Compare and contrast

Girl #1: It's like putting a band-aid on when you need stitches.
Girl #2: Oh, thats a good one.
Girl #3: Yeah, and then the band-aid falls off and it gets infected.
Girl #1: And then you get gangrene and you leg falls off.
Girl #3: Only we could be trying to be supportive and morbid at the same time…

Belleville, Pennsylvania

English teacher: Going around is a sheet with some 1920s slang, so you can get used to it before we start reading The Great Gatsby. Okay, so, everyone knows what a flapper is…?
Tenth grader: Oh, like a transvestite, right?

Tinton Falls, New Jersey

Lecturer, about advertisements: A hug that lasts all day? What is that, like bondage?

Urbana, Illinois

Guy: I've heard that old people have the stickiest fingers.

Arvada, Colorado

30-something black man on cell: Yeah. Put ketchup on it, it tastes like spaghetti!

All Star Cafe
Berkeley, California

25-year-old man: Hey, Bella, I got you funyuns!
Five-year-old girl: Ewwww!
25-year-old man: Well, fuck you then.

Lake View Terrace, California

Overheard by: James Jameson

Young ice cream customer: I'm going to get a large sundae.
Competitive young ice cream customer: Oh, yeah?
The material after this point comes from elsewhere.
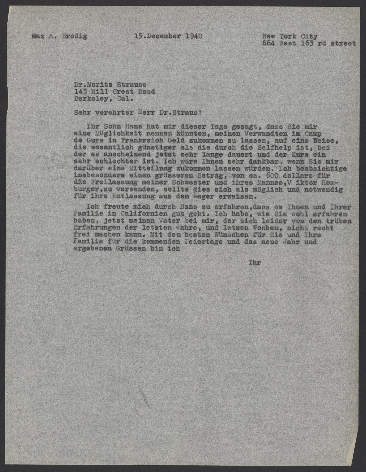 Letter from Max Bredig to Moritz Straus, December 15, 1940

I once had a sundae that was so big it was…it was… (thinks about it) up to the top of Jesus!

Dairy Queen
Victoria
Canadia

Overheard by: bemused in Dairy Queen

Teacher to students: And then you thought we were going to an imaginary place…but it was Louisiana!

High School English Class
Sweden

Overheard by: It was real?

Woman: You should shop at Lane Bryant!
Girl: Mom, that's a fat girls store!
Woman: I shopped there when I was 17, and you're much fatter that I was!

Hendersonville, Tennessee

Overheard by: Tanner

Sober teen: The mall is, like, all about clothes now.